=== WORK REQUEST ===
Return exactly, please, the lines from the one containing "Elegant seamless pattern" to the last line of the entries below, and nothing else, leaving pictures out.

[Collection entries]
* * *
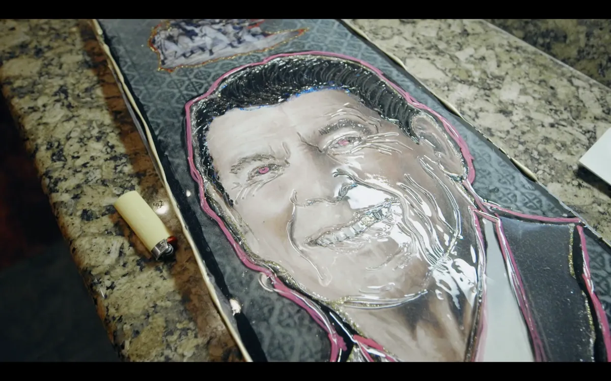 De documentairemakers van Vice versterken dit gevoel van ironie. Hughes vertelt bloedserieus over zijn ambities als dominee en de camera zoomt in op zijn officiële diploma. Dan beweegt het beeld naar beneden en zien we een sierlijke stenen plaat met een rietje en een visitekaartje, overduidelijke drugs-parafernalia. Schitterend is ook de scene van Jesse Hughes in Austin tijdens SXSW. Eerst zien we een typisch spring break meisje dat dolgraag aan de cameraman haar ‘titties’ wil laten zien, dan Jesse Hughes die een katholiek snuisterijen-winkeltje opzoekt om de inauguratie van de nieuwe paus op tv te kunnen zien. Het is geestig en ontroerend tegelijk als Hughes de kassajongen van de winkel uitnodigt voor zijn show die avond.
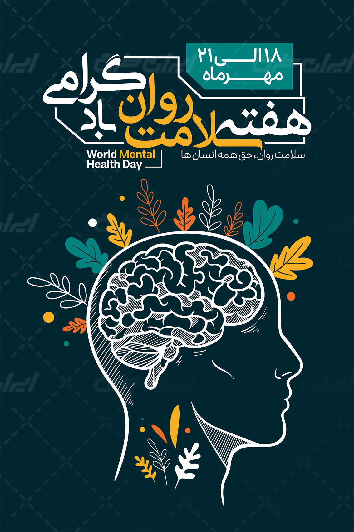 تصویر مغز و متن گرامیداشت روز جهانی بهداشت روان می باشد که توسط تیم ایران طرح طراحی شده است.
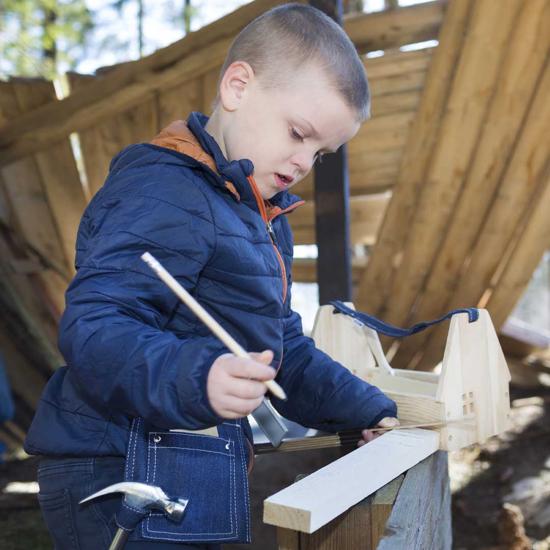 The carpenter’s belt contains a hammer, screwdriver, set square, pen, sandpaper and a packet of screws and nails – everything your little carpenter might need! These tools are small and ideal for little hands. Now everyone can help with carpentry work! This is not a toy but a real tool belt with smaller tools.
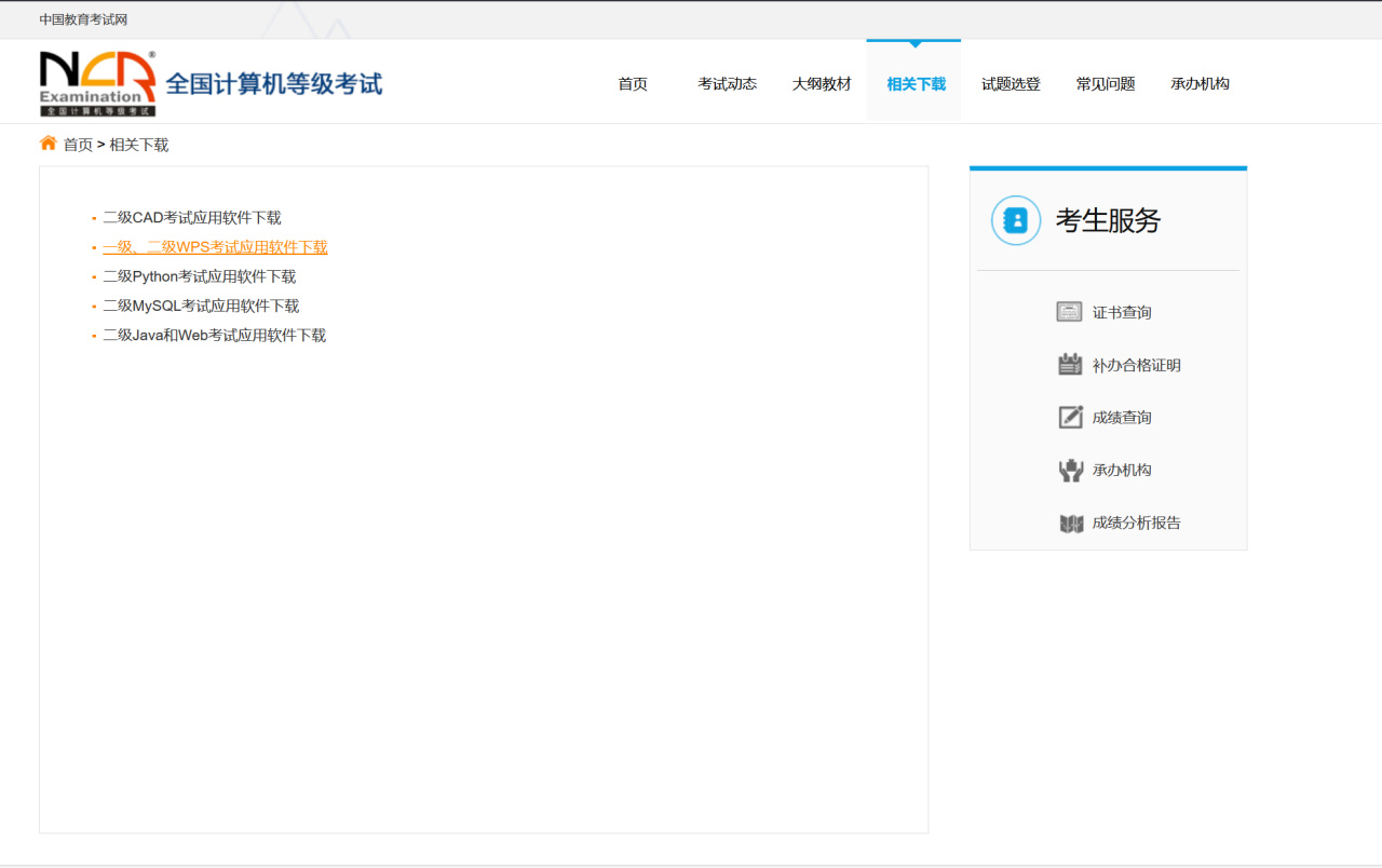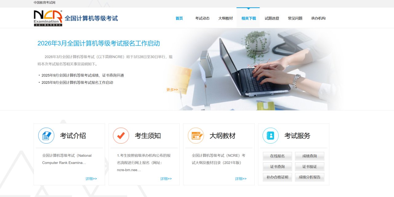 首先打开全国计算机考试官网,点击上方ui的“相关下载”
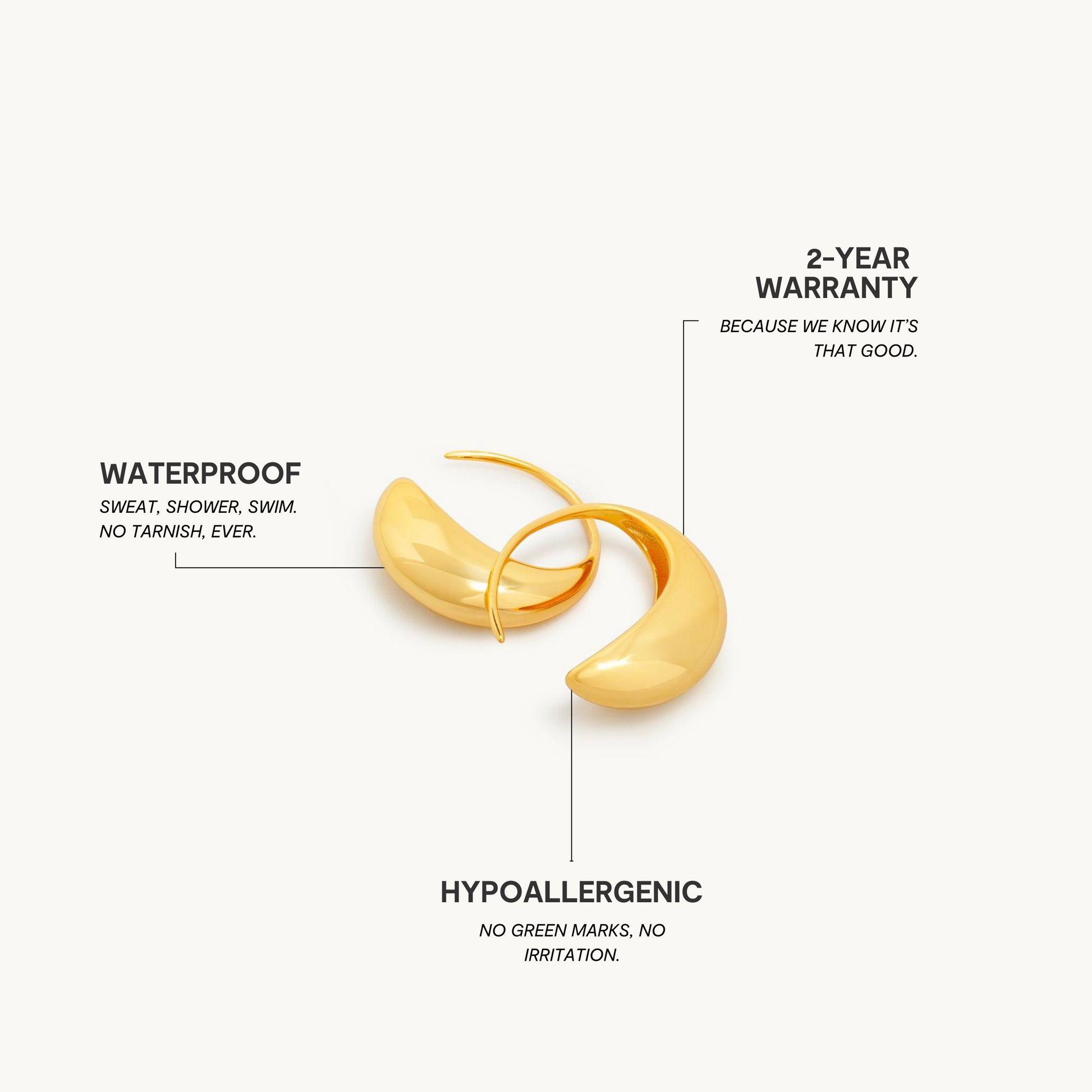 Premium rustfrit stål er 100 % vand-, sved- og varmebestandigt. Det betyder, at du selv med følsom hud kan fuldende dit look uden bekymring.
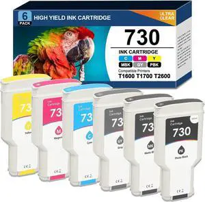 730 Ink Cartridges P2V68A P2V69A P2V70A P2V71A P2V72A P2V73A Replacement for HP 730 Ink Cartridge for DesignJet T1600 T1700 T2600 Printer Ink (6-Pack 300ml)
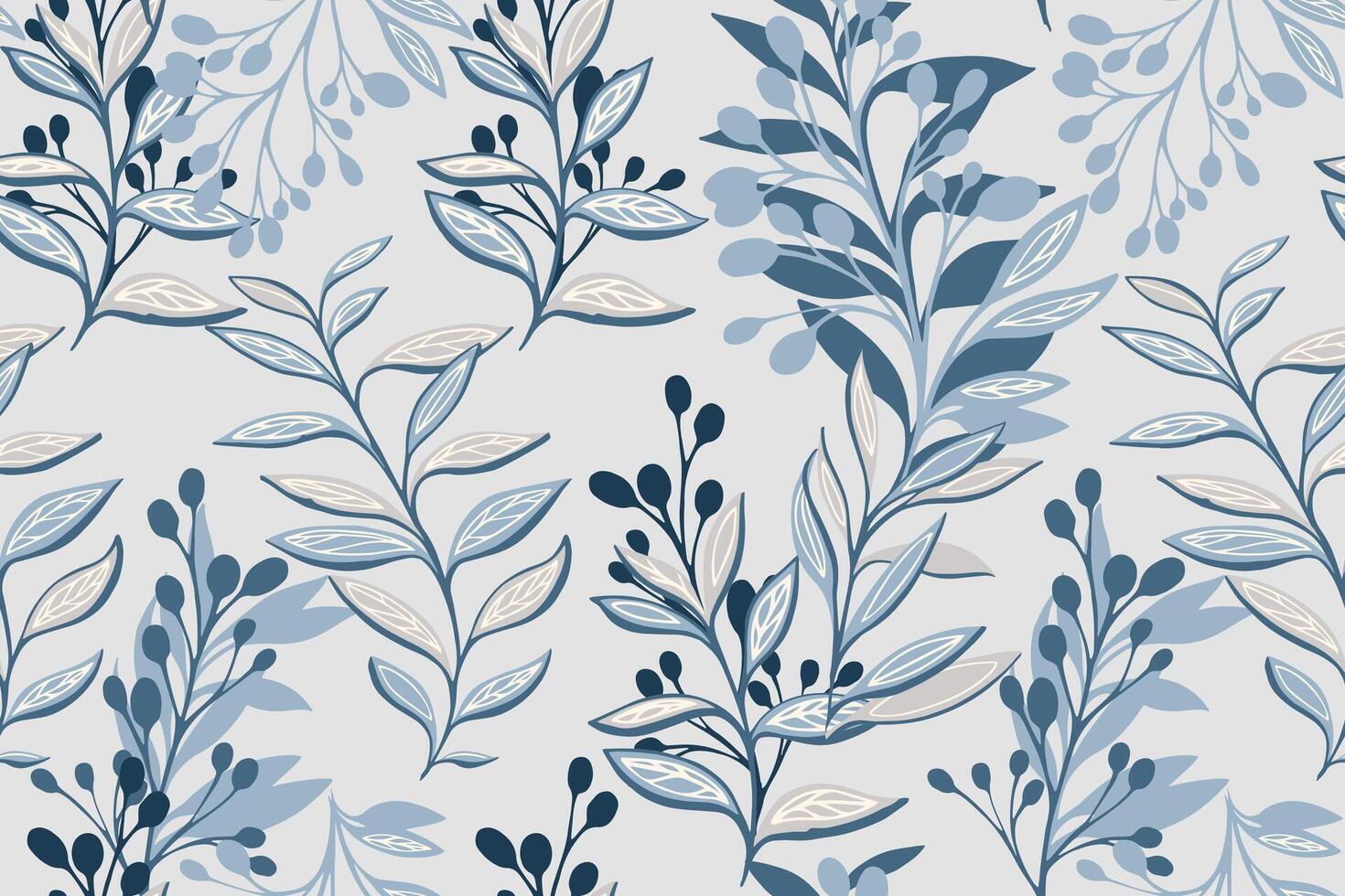 Elegant seamless pattern with stylized leafy branches and delicate berries in soft blue tones on a light background. Ideal for fabric, stationery, packaging, and modern decor Pro Vector
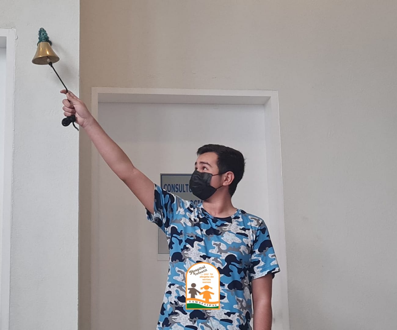 Ciudad Victoria, Tamaulipas.- La campaña de la victoria fue tocada una vez más en Ciudad Victoria, en esta ocasión fue un menor de 14 años, quien afortunadamente venció al cáncer y lo celebró junto a médicos y sus familiares en el Hospital Infantil de esta ciudad Capital.
* * *
=== RESULT ===
 Elegant seamless pattern with stylized leafy branches and delicate berries in soft blue tones on a light background. Ideal for fabric, stationery, packaging, and modern decor Pro Vector
 Ciudad Victoria, Tamaulipas.- La campaña de la victoria fue tocada una vez más en Ciudad Victoria, en esta ocasión fue un menor de 14 años, quien afortunadamente venció al cáncer y lo celebró junto a médicos y sus familiares en el Hospital Infantil de esta ciudad Capital.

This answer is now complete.